I'm going to wait for the direct-to-CD movie.


----------



## Angela (Nov 2, 2008)

Teninx said:


> I'm going to wait for the direct-to-CD movie.


----------



## RovingSoul (Oct 27, 2008)

Hm. I love romance novel fluff, and dragons, but I've never tried anything with a menagetwa (sp? ).


----------



## Linda Cannon-Mott (Oct 28, 2008)

Oh Tennix, you bad, bad boy!


----------



## sebat (Nov 16, 2008)

Steph H said:


> LOL No, not with a dragon...


How did you miss it? There was a bit of kinkiness with the dragon.


----------



## CS (Nov 3, 2008)

I'll admit: Snapcat's post motivated me to get it.    I haven't read it yet, but free is free.


----------



## Gertie Kindle (Nov 6, 2008)

CS said:


> I'll admit: Snapcat's post motivated me to get it.    I haven't read it yet, but free is free.

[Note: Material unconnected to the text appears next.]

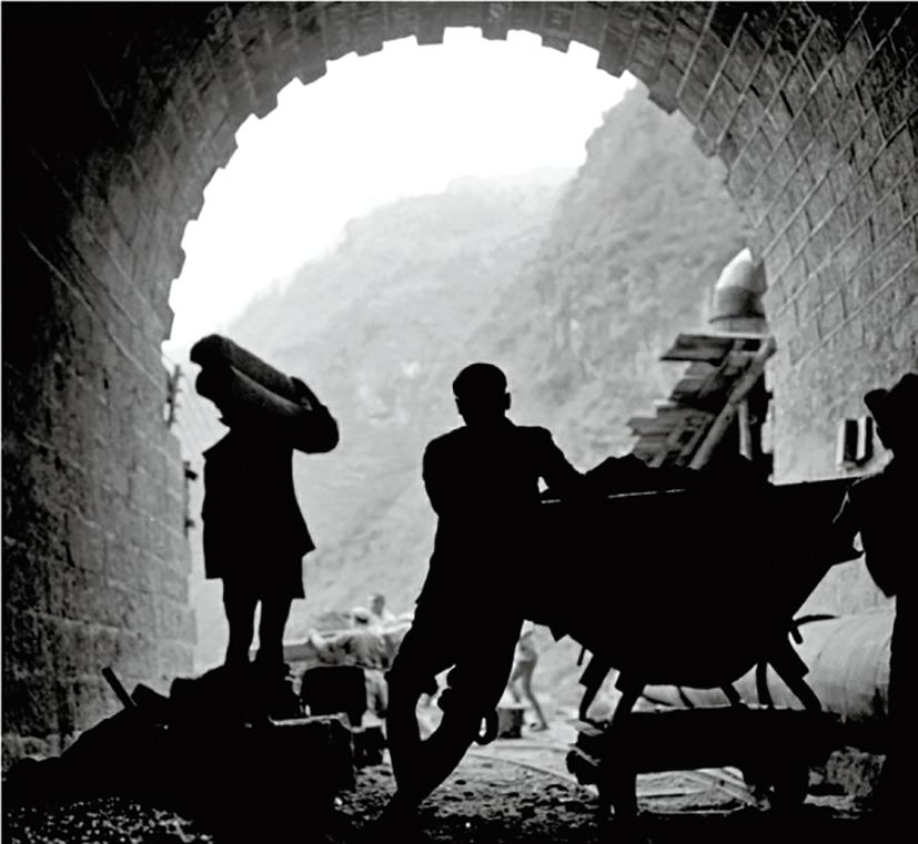 1953年9月,工人在嘉陵江上游的一处隧道内施工

Can't pass up free. I thought the dragon mating was sexier than the humans. Maybe it was just the less than stellar writing.

Anybody going to continue reading the


Spoiler



search for the twins?


----------



## Snapcat (Nov 3, 2008)

CS said:


> I'll admit: Snapcat's post motivated me to get it.    I haven't read it yet, but free is free.


LOL!!!!


----------



## BookishMom (Oct 30, 2008)

I tried to read this, but couldn't get past the bad writing. 

*Edited to clarify*: not the erotica, but the poor writing skills of the author. My husband really enjoys it when I read anything steamy.


----------



## Snapcat (Nov 3, 2008)

BookishMom said:


> I tried to read this, but couldn't get past the bad writing.
> 
> *Edited to clarify*: not the erotica, but the poor writing skills of the author. My husband really enjoys it when I read anything steamy.


I agree. It was mostly the bad writing. If it had been good writing, or a particularly interesting story idea I would have stuck it out. Maybe. Haha.


----------



## quickfics (Oct 27, 2008)

I think I will, instead, re-read the _Made to Stick_ introduction and index. Mmmm... I like me some good index.

One more bodice-ripper, and I think I will go stark raving Maude.


----------



## Gertie Kindle (Nov 6, 2008)

Snapcat said:


> I agree. It was mostly the bad writing. If it had been good writing, or a particularly interesting story idea I would have stuck it out. Maybe. Haha.


It was so short, I actually finished it.


----------